If your file has a Date column it will be added as Date Format for a Copy process.

(“Copy into “+paramsInCSV.get(“fileName”)+” from @~/staged file_format = (type = csv field_delimiter = ‘“+paramsInCSV.get(“delimiter”)+”’ skip_header = 1 FIELD_OPTIONALLY_ENCLOSED_BY=’\”’ NULL_IF = (‘’,’NULL’, ‘null’, ‘\\N’) EMPTY_FIELD_AS_NULL = true “+sDateFormatSql+”);”);

This line is very important and helps a lot in the import process. The delimiter is auto applied, skipping the header parameter, and if needed the data in quotes are cleared from them, checking for what values use NULL, and specifying the date format.

To copy CSV or CSV.gz data from AWS S3 we need to create an External Stage that would point to S3 with credentials:

statement.execute(“create or replace stage my_csv_stage url = ‘s3://”+paramsInCSV.get(“bucketName”)+”’ credentials = (aws_key_id=’”+connParams.get(“accessKey”)+”’ aws_secret_key=’”+connParams.get(“secretKey”)+”’);”);

Getting Data from a Parquet File

To get columns and types from a parquet file we simply connect to an S3 bucket. The easiest way to get a schema from the parquet file is to use the ‘ParquetFileReader’ command. I have seen a few projects using Spark to get the file schema. It is possible but very ineffective as we are planning to run the application from the desktop and not from AWS.

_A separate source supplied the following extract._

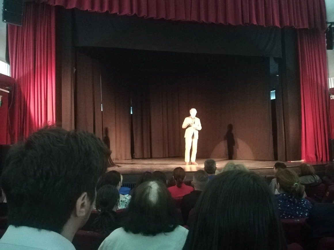 Ușile se deschid către o sală vopsită într-un roșu apăsător, slab luminată, și în cadrul ăsta încărcat se ivește o ceartă undeva în spate. Vocile coboară treptat, iar sala se umple încet cu vreo 300 de cetățeni de toate vârstele. Intră printre rânduri și Gabriel Fătu, cunoscut pentru farsele de la OTV, omul uns în 2016 ca manager al Universității Populare „Ioan I. Dalles”. Instituția, ce gestionează și sala de spectacole în care ne aflăm, ține de Primăria Capitalei, funcționează deci pe bani publici. Universitatea e o gazdă bună pentru evenimente controversate: a doua zi după conferința lui Dan Puric, va fi aici o alta despre „vindecarea trupului prin credință, iubire și post”, la care va participa medicul Pavel Chirilă, membru de bază al Coaliției pentru Familie.

Now, a few words about type conversion. Very often, the string values in Parquet files are stored as ‘Binary’ with a UTF option. I decided to capture that and cast it to ‘VARCHAR’. Another trick is that sometimes INT96 is stored as a timestamp value, and the application automatically casting it too. ‘BYTE_ARRAY’ will be cast to Snowflake ‘BINARY’. All other Parquet types are compatible.

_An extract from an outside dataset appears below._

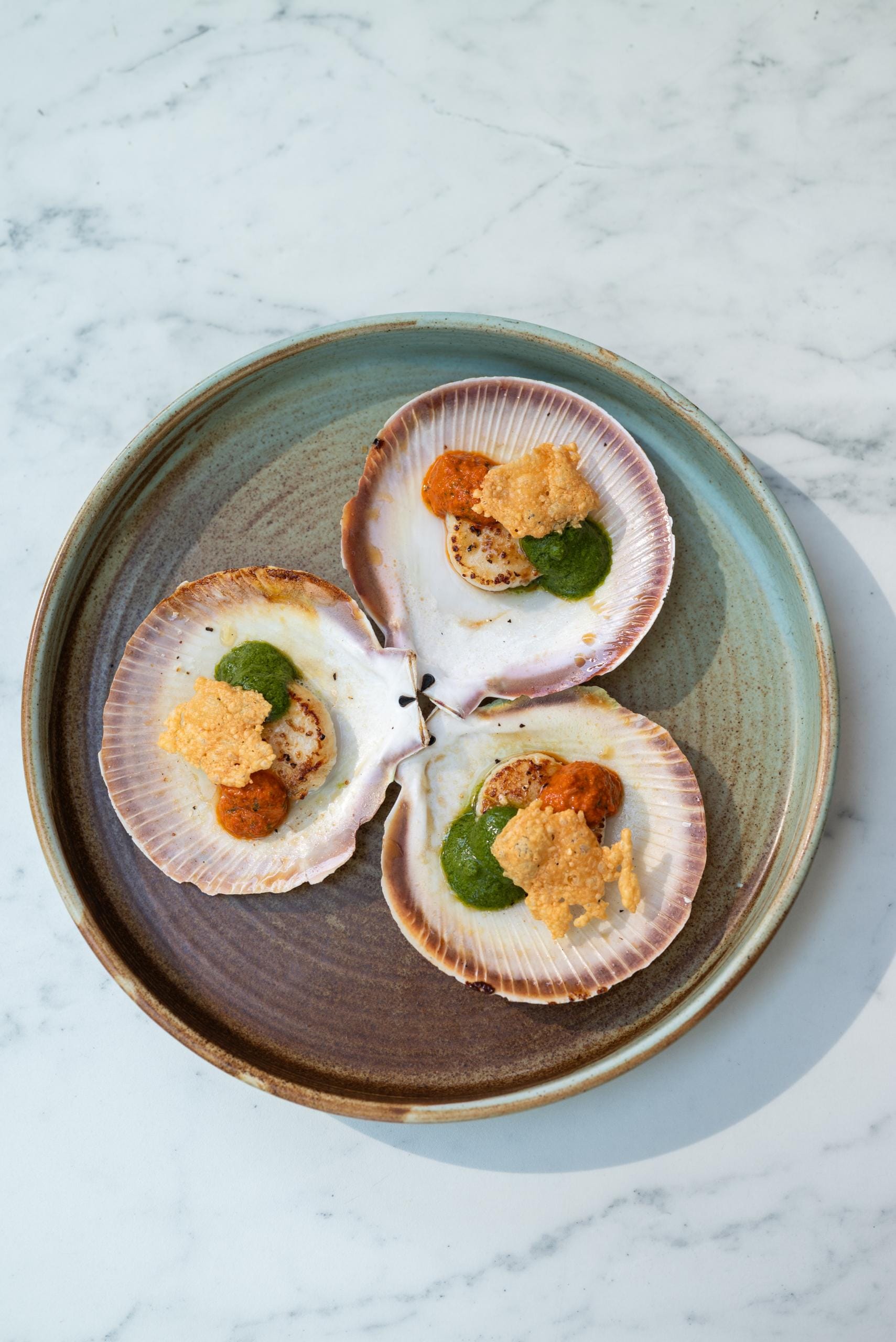Jumbo Shark Bay scallops, red chimichurri, green sauce

Here are the Parquet types:

BOOLEAN: 1 bit boolean
INT32: 32 bit signed ints
INT64: 64 bit signed ints
INT96: 96 bit signed ints
FLOAT: IEEE 32-bit floating point values
DOUBLE: IEEE 64-bit floating point values
BYTE_ARRAY: arbitrarily long byte arrays

You may find more details on how to merge Parquet with Snowflake here. For a Parquet file, we need to specify column names and casts. Two tips here: First, SQL is case insensitive, but column names should be used in a query with column name as specified in the Parquet file. The second tip: cast sometimes may be skipped. Here is a sample COPY command to upload data from S3 parquet file:

COPY INTO userdata1 FROM (SELECT $1:registration_dttm::TIMESTAMP, $1:id::INTEGER,  $1:first_name::VARCHAR, $1:last_name::VARCHAR, $1:email::VARCHAR,  $1:gender::VARCHAR, $1:ip_address::VARCHAR, $1:cc::VARCHAR, $1:country::VARCHAR, $1:birthdate::VARCHAR, $1:salary::DOUBLE,  $1:title::VARCHAR, $1:comments::VARCHAR FROM @my_csv_stage/userdata1.parquet)  on_error = 'skip_file' file_format = (type = parquet);

You may validate the statement for errors before the execution with validation_mode = ‘RETURN_ERRORS’;, more info here.

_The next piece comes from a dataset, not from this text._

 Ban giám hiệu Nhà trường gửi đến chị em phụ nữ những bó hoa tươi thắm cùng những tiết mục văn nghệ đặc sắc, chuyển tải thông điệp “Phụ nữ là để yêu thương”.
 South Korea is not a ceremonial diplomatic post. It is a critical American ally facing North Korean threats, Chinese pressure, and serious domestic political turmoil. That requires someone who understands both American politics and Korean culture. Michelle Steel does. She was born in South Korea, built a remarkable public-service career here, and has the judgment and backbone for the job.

And the last step is to DROP the STAGE. Now you may check your table in the Snowflake.

This is a prototype and so many things could be added to improve and make this project more ‘pretty’ like adding ORC support, or getting a list for Parquet files to process them all or specifying a pattern for files, adding support for complex types, …split and compress huge local CSV files, adding proper logging and many, many, more.